In the case of two-sided (back and front) printing (Figure 1(c)), the presence of solely PCNF and AP creates smooth surfaces, while rougher patterns were again obtained by the addition of ATH NPs, regardless of their addition within AP or PCNF. Slight spots of PCNF applied on the front side could also be observed, confirming its co-crosslinking by the AP applied on the back side and penetrating through the fabric. More densely structured patterns visible on the fabric’s front side in the case where ATH NPs were applied within the PCNF, rather than AP, indicate better dispersion and physical interaction between ATH NPs and PCNF than AP. In the latter case (application of ATH NPs within AP on the back side), the presence of ATH NPs was almost not observed (limited to individual points) on the other/front side of the fabric, which also indicates that PCNF limited the penetration of AP or ATH NPs containing AP coatings through the fabric.
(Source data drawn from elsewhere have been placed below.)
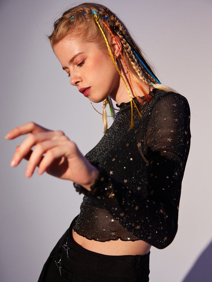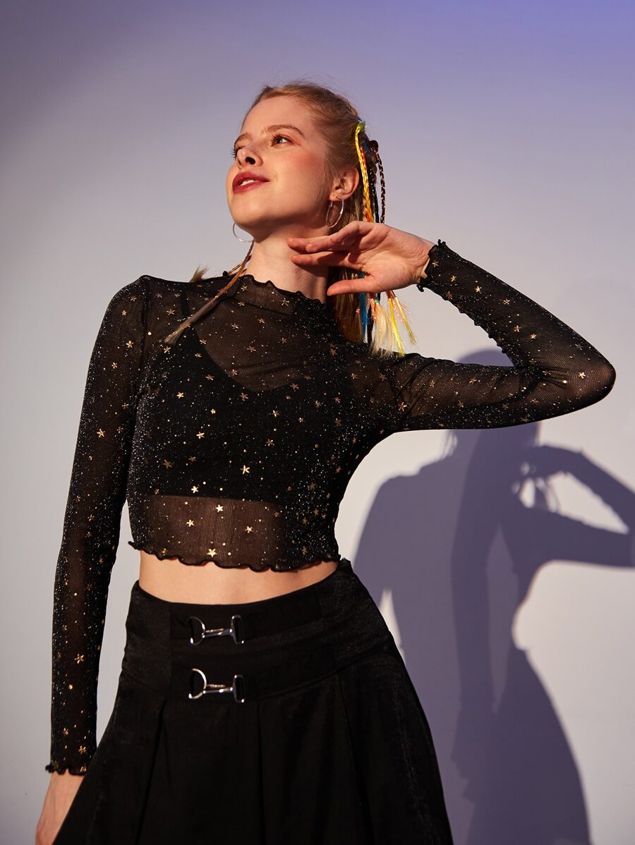 Top court en tulle à ourlet ondulé(sans soutien-gorge)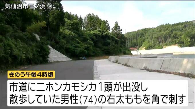警察によりますと26日午後4時頃、気仙沼市三ノ浜の市道に二ホンカモシカ1頭が出没し、付近を散歩していた74歳の男性の右太ももを角で刺しました。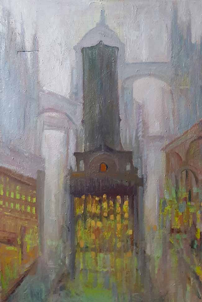 Nelle opere di Pasquale Monaco le soluzioni di spazio non si basano sulle costruzioni geometriche delle prospettive, ma sulla pura ed empirica concezione. Questo rende alcuni degli effetti meno completi, ma anche meno statici con il risultato edificante di una libertà maggiore del tratto che consente al colore di esplodere, con un’aggressività di estrazione espressionista. L’aspetto straordinario di Monaco è l’unione tra due elementi contrastanti, il tratto eccitato dionisiaco, armonizzato con la calma Olimpica che uniforma tutti i lati delle figure femminili e maschili.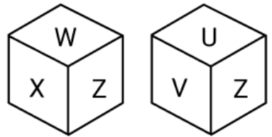 Logic: As Z is the common face on both the dice, keeping it constant and then rotating in clockwise/anti clockwise direction, we get the faces opposite to each other: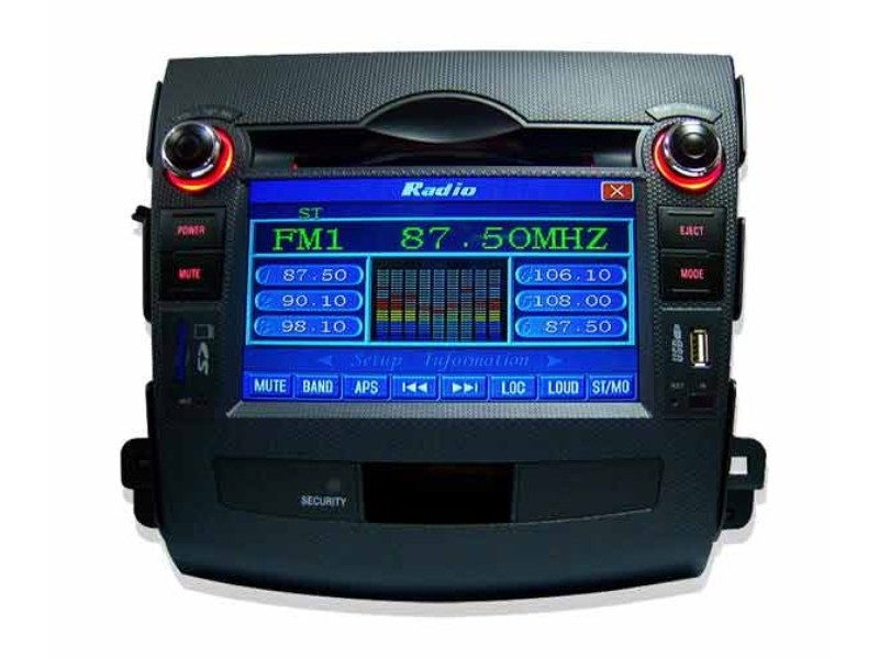 Головное устройство с проигрывателем DVD/MP4/DIVX/CD/MP3 для Mitsubishi Outlander XL. Точно совпадает по размерам с штатным головным устройством. USB порт и слот для SD карт, Bluetooth.
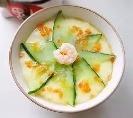 食材:雞蛋60g、芝麻油適量、鹽適量、黃瓜適量、蝦仁適量、水適量、胡蘿蔔適量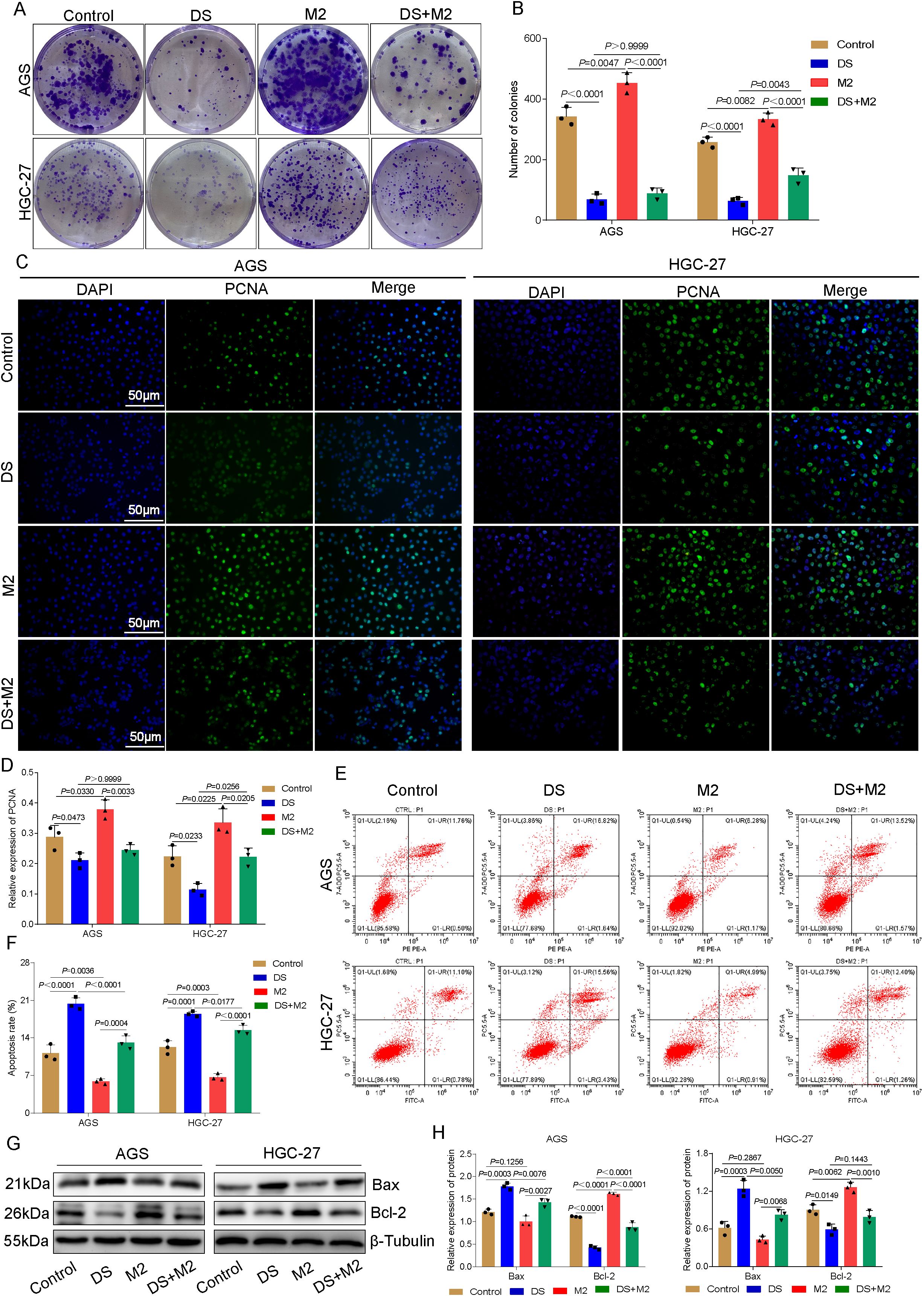 Figure 2. Dextran sulfate (DS) affects the proliferation and apoptotic ability of AGS and HGC-27 cells by acting on the polarization of M2 tumor-associated macrophages (M2-TAMs). (A) Plate seeding for the colony formation assay in two cell lines. (B) Number of colonies in two cell lines. (C) Representative immunofluorescence images of two cell lines after DS treatment. Scale bar, 50 μm. (D) Relative expression of proliferating cell nuclear antigen (PCNA). (E) Flow cytometry analysis of two cell lines. (F) Quantitative analysis of the apoptotic rate in two cell lines. (G) Western blot bands showing cell proliferation and apoptosis in AGS and HGC-27 cultures treated with DS, M2, and their combination (DS+M2). (H) Quantitative analysis of the Western blot results. Data are presented as the mean ± SEM, and exact p-values are shown in the figure panels.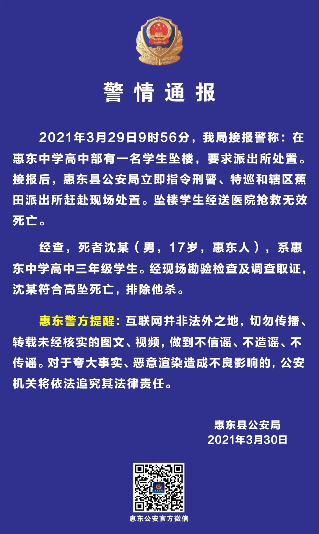 3月30日,广东省惠州市惠东县公安局官方微信公众号“惠东警讯”发布警情通报。通报提到,3月29日9时56分,惠东县公安局接报警称:在惠东中学高中部有一名学生坠楼,要求派出所处置。接报后,惠东县公安局立即指令刑警、特巡和辖区蕉田派出所赶赴现场处置。坠楼学生经送医院抢救无效死亡。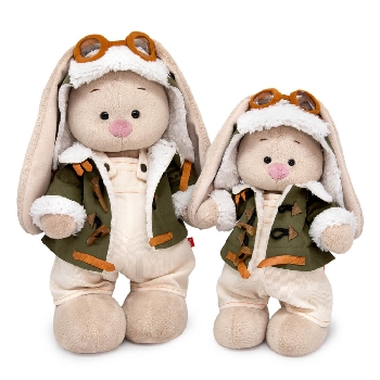 Курточка-пилот из искусственной замши цвета «хаки» на меху с оригинальными пуговицами под кость. В комплекте – лётный шлем с защитными очками и комбинезончик из бежевого вельвета.

Relatively uniform distribution of differently large aggregates of ATH NPs are seen on the SEM images of the printed samples presented in Figure 1(d), additionally confirming their integration and co-crosslinking within the AP (left image) or PCNF (right image), also being confirmed by the elemental compositions (the inserted Table in Figure 1) of patterns containing aluminium.

The effect of coatings on the fabric’s thickness, mass change, dimensional change and air permeability

The thickness, mass and dimensional change and air permeability of untreated and differently printed fabrics have been determined to assess the effect of the printing strategy, ATH NPs’ concentration and screen mesh size used on the printing`s efficacy. As seen from Figure 2(a), the printing of AP increased the thickness of the fabric by about 32% (to 439 μm using a 60 mesh-sized screen), and by about 22% (to 406 μm using a 135 mesh-sized screen), being related to the different AP depositions (14 g/m² and 11.5 g/m², respectively). However, surprisingly, the air permeability also increased slightly (by about 8.3%–973 l/m²s¹/60 mesh and by about 4.4%–938 l/m²s¹/135 mesh). The increased air permeability is related to the changed micropore composition in the form of irregular folds and bends of fibres, due to the elevated temperatures during drying and fixation. The additional effect was also caused by stirring in the washing and drying machine since non-treated fabric also possesses higher air permeability after being washed and dried. It is obvious that the deposition of AP was higher in the case of using a screen with larger (161 μm) holes’ diameters, although a lower (14%) open area and thinner (100 μm) screen plate. The addition of ATH NPs to the AP reduced the air permeability significantly (Figure 2(b)) (up to 45% to 697 l/m²s¹/60 mesh and 511 l/m²s¹/135 mesh at the highest ATH NPs’ concentration), which was further reduced (up to 48% to 717 l/m²s¹/60 mesh and 49 l/m²s¹/135 mesh) when PCNF was applied as the first printing layer, or the ATH NPs were applied by PCNF (up to 62% to 461 l/m²s¹/60 mesh and 352 l/m²s¹/135 mesh). However, the thickness of the fabric and mass change (Figure 2(b)) values were also reducing (by about 12.7%–383 μm/60 mesh and 23.4% to 311 μm/135 mesh) as compared to the sample printed only with the AP, which might indicate both the less effective crosslinking of AP in the presence of ATH NPs and its poorer adhesion with the fabric, thus resulting in partial removal during laundry washing, as already observed from the SEM images presented in Figure 1. This effect was even more pronounced by using a higher concentration of ATH NPs and a 135 mesh-sized screen with smaller (88 μm) holes, but more (22%) open area and a thicker (120 μm) screen plate.

Figure 2.

The effect of printing on the fabric’s (a) thickness and dimensional change and (b) air permeability and mass change values. The number (1, 2 or 3) before ATH denotes the addition of ATH NPs (1.7 wt%, 3.3 wt%, or 6.7 wt%).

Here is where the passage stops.